Have you ever tried to install a package from GitHub on your Google Colab? Some time ago, I had this same question. With a little research, I found the solution, which I share with you in this post. And, believe me, importing a Python package from GitHub is easier than you think!
Why is it so important?
Learning how to import a package may seem a secondary task, but sometimes you will want to use a module or something you created on a Tensorflow project.
You can upload documents and other stuff using the Colab interface. But if you stop a session, you will have to manually upload everything back.
A simpler way of uploading things is cloning a GitHub repository and using command line to automate this step.
Import and install
First thing to do is cloning the repository you want to use.
Then use %cd to navigate to the directory you want.
⚠️ If you have run the clone command before, you will see a message saying that the files are already downloaded. You can restart your session (everything will be erased) or use the pull command to get the changes made on the repository before installing the requirements and the package itself.
The package I am trying to install depends on other packages to work. Let’s install these using the !pip command and the requirements.txt file.
Then, I will proceed to the install of the package itself. Use the command !python setup.py install to do it.

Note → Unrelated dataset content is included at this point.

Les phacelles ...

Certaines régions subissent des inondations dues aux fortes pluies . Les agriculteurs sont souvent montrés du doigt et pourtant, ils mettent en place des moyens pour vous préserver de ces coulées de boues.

The last thing to do is importing your package!
# clone package repository !git clone https://github.com/vallantin/atalaia.git # navigate to atalaia directory %cd atalaia # get modifications made on the repo !git pull origin master # install packages requirements !pip install -r requirements.txt # install package !python setup.py install # import it from atalaia.atalaia import Atalaia
Installing packages can have unexpected effects on your environment.
Different packages can have the same dependencies, but use different versions of them.

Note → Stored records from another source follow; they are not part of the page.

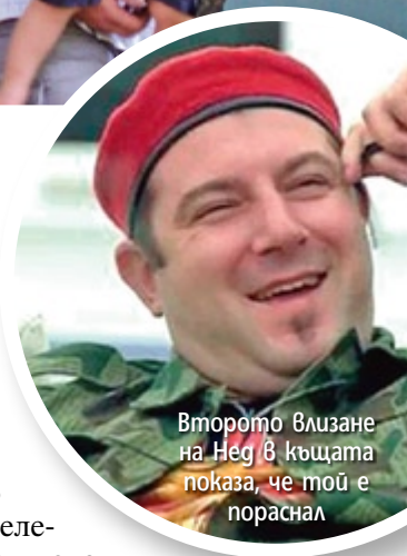
Второто влизане на Нег в къщата показва, че той е пораснал
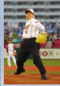
「食材王国みやぎナイト」で始球式を務める村井知事
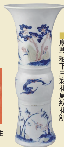
■ 康熙 釉下三彩花鳥紋花瓶
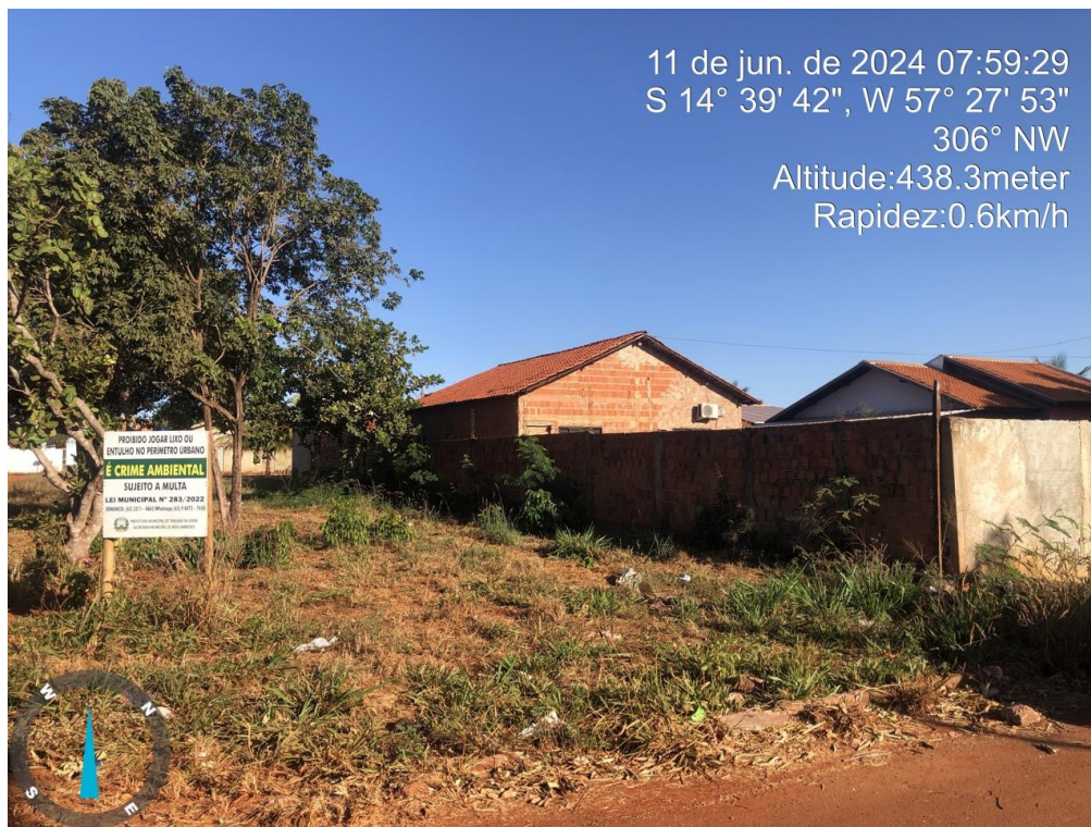
Figura 03 – Vista lote 46-A quadra 36, frente para Rua Cisne

Trata-se de um imóvel inserido na malha urbana de Tangará da Serra, na ZAS - Zona de Adensamento Secundário, infraestrutura básica, baixa intensidade de tráfego de veículos e pedestres, tipologia de ocupação residencial, topografia plana, como demonstrado nas figuras 03 e 04.
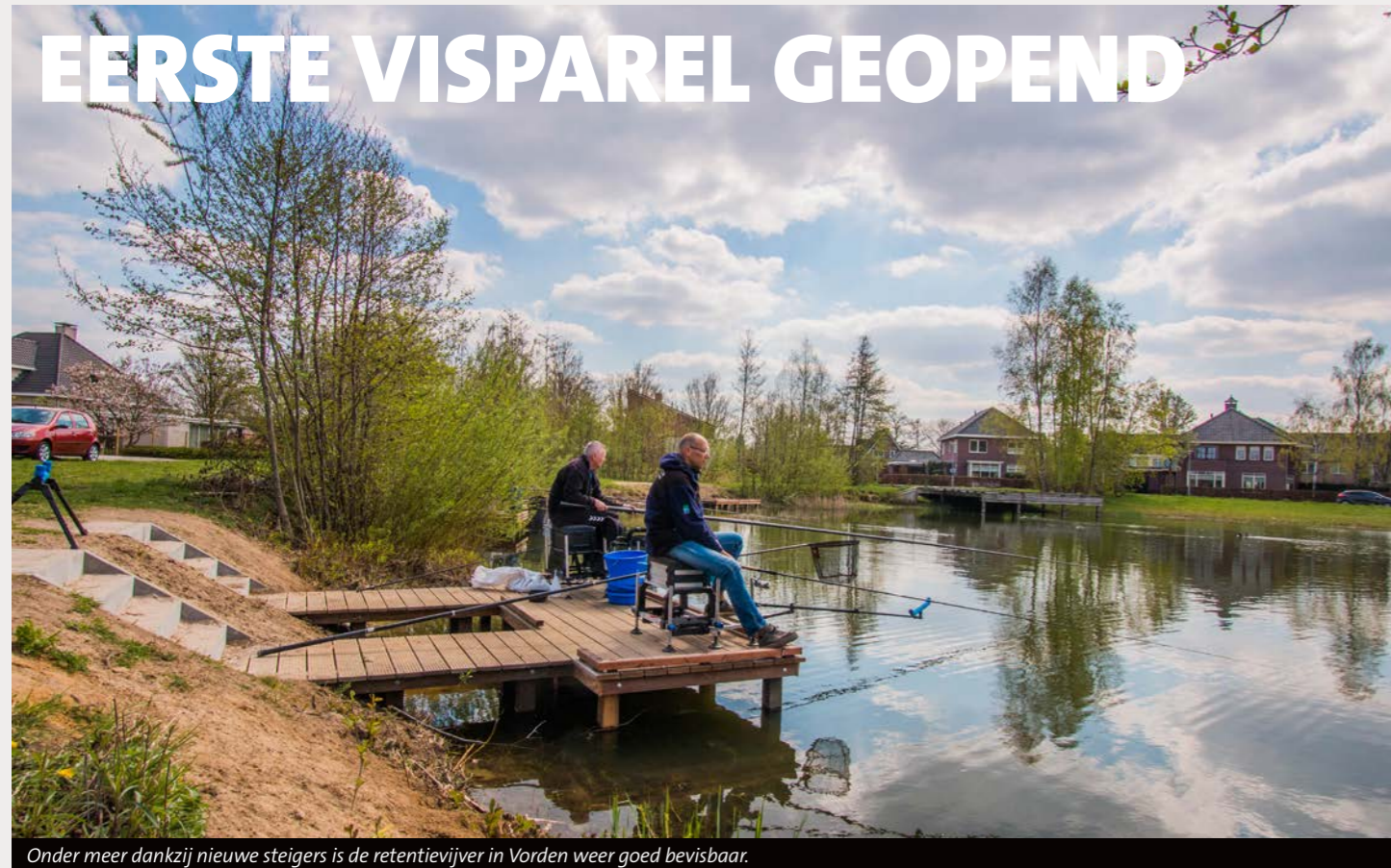
Onder meer dankzij nieuwe steigers is de retentievijver in Vorden weer goed bevisbaar.

If you find problems, try to force/re-install the packages that are not working.
#!pip install --upgrade --force-reinstall **some_package_here**
Finally, import the other packages and pray for the best 🙈. Hopefully, you won’t spend one hour debugging as I did.
# do other imports to test if we have errors import tensorflow as tf import tensorflow_hub as hub import tensorflow_datasets as tfds from tensorflow.keras.preprocessing.text import Tokenizer from tensorflow.keras.preprocessing.sequence import pad_sequences import numpy as np import pandas as pd from pprint import pprint
Conclusion: what we learned today
Importing external packages is useful when you need to use something you developed locally.
Since not everyone has an external GPU at home, training Deep Learning models on Colab is very handy.